Rischia così una punizione (summum ius summa iniuria), ma in sua difesa si è levato il SIAP (Sindacato Italiano Appartenenti Polizia). Infatti, Ciro Dellisanti, segretario Siap di Vercelli, ha dichiarato: “Per tutti noi poliziotti il gesto del nostro collega è stato motivo di orgoglio e profonda ammirazione, un esempio per tanti, ma non per la sua dirigente, che pretendeva di essere informata dell'intervista, pur non riguardante motivi di servizio. Il dirigente nelle sue contestazioni ritiene che il collega abbia tenuto un comportamento non conforme al decoro delle funzioni dell'Amministrazione della Pubblica sicurezza. Ma stiamo scherzando?
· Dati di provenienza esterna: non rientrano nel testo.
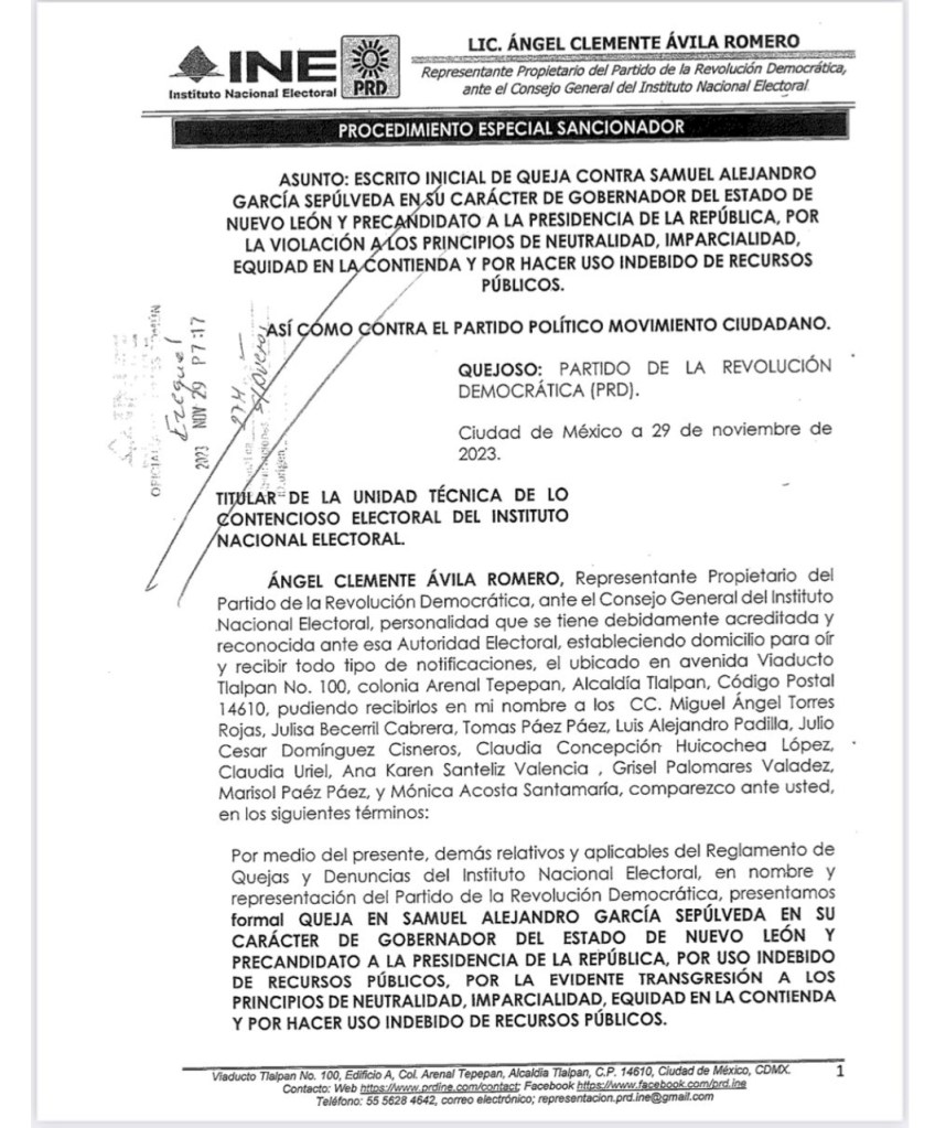El Partido de la Revolución Democrática (PRD) ha presentado una queja ante el Instituto Nacional Electoral (INE) solicitando la cancelación del registro de Samuel García como precandidato único a la presidencia por el partido Movimiento Ciudadano.
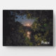 La luna tranquila sobre el agua tranquila es una fotografía original. Sin filtros. Hermoso paisaje lunar a través de frondosas hojas verdes. Cielo azul suave, aura rosa resplandece de la luna, variedad de hojas verdes y amarillas texturadas. Cambia el texto a lo que quieras.

Il nostro collega con il suo comportamento ha dato lustro all'amministrazione, e chiediamo con forza che questa bizzarra contestazione venga immediatamente archiviata, restituendo credibilità alla nostra amministrazione che non ha certo bisogno, tanto meno in questo momento, di questa pubblicità; anzi, sarebbe opportuno da parte sua premiare il nostro collega per essersi distinto per generosità e senso civico in un momento di particolare difficoltà in cui versa l'intero Paese”.

La speranza è che le massime autorità Graduati della Polizia vogliano intervenire per evitare questa procedura, semmai provvedendo a proporre il buon Lollo per un encomio ufficiale. Condito pure, se vogliamo, da un buffetto per l'imprudenza, che però non cancella la sostanza dell'atto generoso.